By this time, our son was six months old. Karla needed to be at home taking care of him, and I needed to find a new source of income for our family. Selling coffee in the US would have to go on the back burner for some time.

Moving forward

In the beginning of 2022, I moved away from home to find some external employment. The world started to open back up, and things were getting “back to normal” whatever that means. I took the roaster with me, and kept selling coffee on the side in Mexico just to help cover living expenses. We had many uncertainties about what the future would bring for us, but we didn’t want to give up on our dreams. The spring of 2022 was especially hard on us as a family, being a part and having financial issues. I started to look for better employment in the states, with the hopes of saving back some money for the business and simultaneously keeping food on the table.
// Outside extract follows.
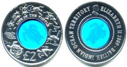 此硬幣面值為2鎊,由英屬印度洋領地制造,特征是在固體銀環中的藍色水晶中,嵌入了一只烏龜。有人說那只安靜的藍色烏龜,實際上是只活龜。

At the time of writing this page (September 2022), I’m thousands of miles from home. Working on an organic produce farm in Washington state. It’s very hard to be away from Karla, Dante and our doggies. But it was a necessary step for our future. This time around, we’re trying to do things the right way. We hope to reunite as a family in the upcoming months and figure out a way to keep roasting Fine Mexican Coffee and to get it to you!